UK teachers and doctors to get pay rises of 6% or more

UK teachers and doctors to get pay rises of 6% or more

World

UK teachers and doctors to get pay rises of 6% or more

LONDON (Reuters) - Britain's government has decided to accept recommendations for pay increases for millions of public sector workers, treasury minister John Glen said on Thursday, giving doctors and teachers at least 6% increases.

Prime Minister Rishi Sunaks' government announced its decision on Thursday, having considered the recommendations of a series of independent pay review boards.

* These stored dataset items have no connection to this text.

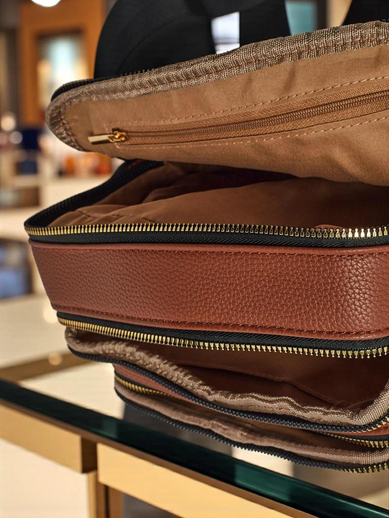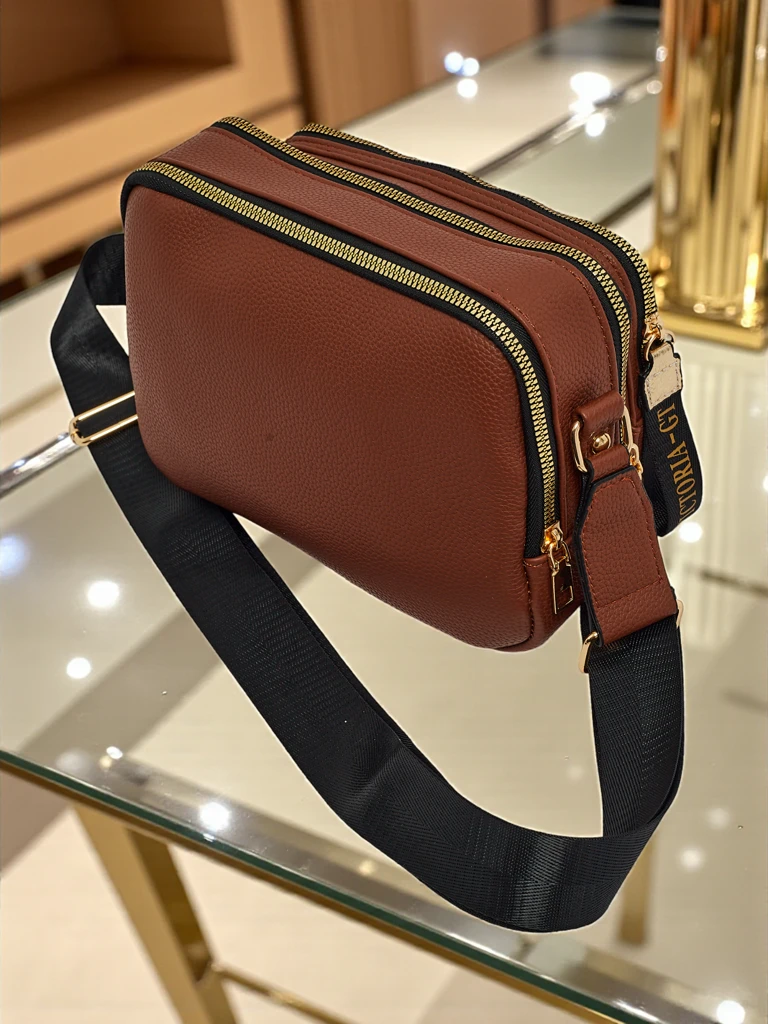 - Stilska majhna torbica iz eko usnja. 2 predelka, 3 žepki, nastavljiv in odstranljiv pas. Idealna za vsak dan in za izhode – kompaktna, a sprejme vse, kar je pomembno.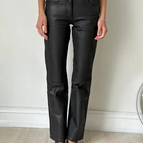 Læder/skind-bukser med indsyet knæbeskyttere. Livvidde 73 cm. Bukselængde 106 cm. Benlængde 80 cm. Str. 29/xs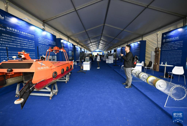 10月29日在深海先进技术及装备成果展上拍摄的智能巡航水面保洁无人船。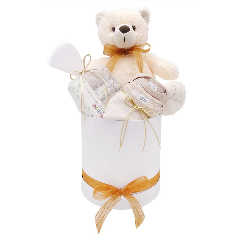 En The Gift Company todos los Regalos de Nacimiento se entregan completamente decorados con Papel Transparente Importado, Moño y Tarjeta Personalizada.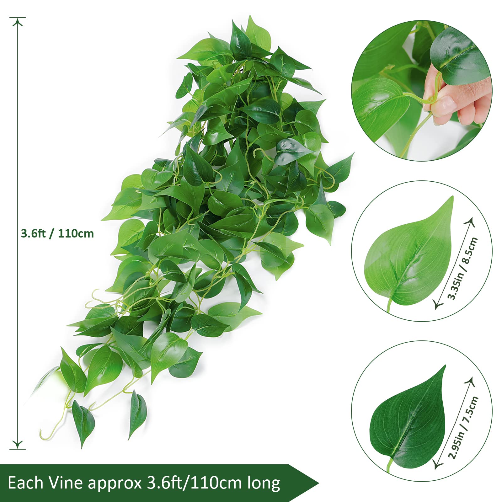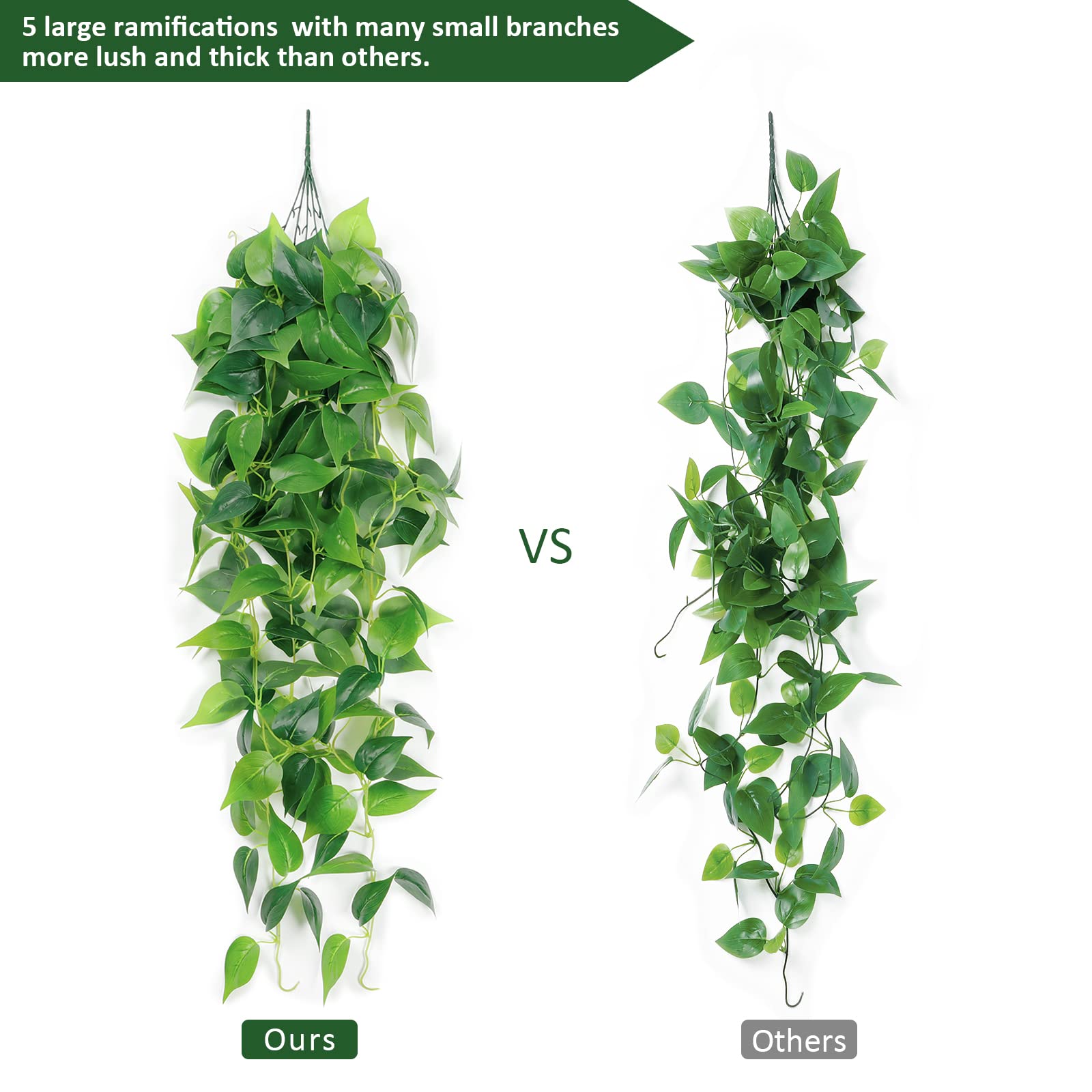 - 【PACKAGE INCLUDES】 – 2 packs of green artificial hanging plants. Each fake ivy vines has five ramifications, and below of which there are many smaller branches, that makes the vines looks lush and thick. Each branch has a different length. The longest vine is about. 3.6 feet/110cm.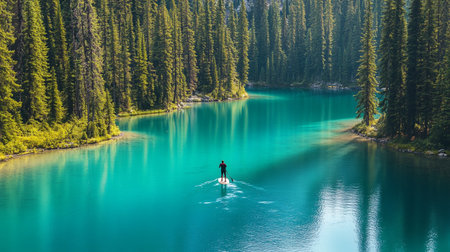 water sports (kayaking, paddleboarding, surfing) enthusiast enjoying the view of a serene lake, created with generative ai

The pay increases are below the current 8.7% inflation rate but are aimed at bridging the gap following a bout of huge industrial unrest across Britain over falling real wages.

Junior doctors will now get a 6% pay uplift and a lump-sum pay increase of 1,250 pounds ($1,633.25), while teachers would get 6.5%. He also announced pay increases for police (7%) and armed forces (5%).

Glen said there would be no new borrowing or spending to fund the increases although teachers' pay rises would be funded by a reallocation of the existing education department budget.

That is likely to anger trade unions who have said school and hospital budgets cannot bear the cost of wage increases without cutting spending in other areas.

After more than a year of elevated inflation - which at its peak hit more than 11% - the government is struggling to balance the need to end strikes with rising public debt levels.

It has has little room for more spending on wages without either raising taxes, cutting other public services or missing its self-imposed targets to reduce borrowing.

Sunak, facing an election next year and trailing badly in opinion polls, has promised to halve inflation and ministers have stressed the danger that increasing wages too far would undermine that goal and could entrench rising prices.

However, the Bank of England has been more focused on pay in the private sector, which has risen faster than public-sector pay and has a more immediate impact on the prices of goods and services used to calculate consumer price inflation.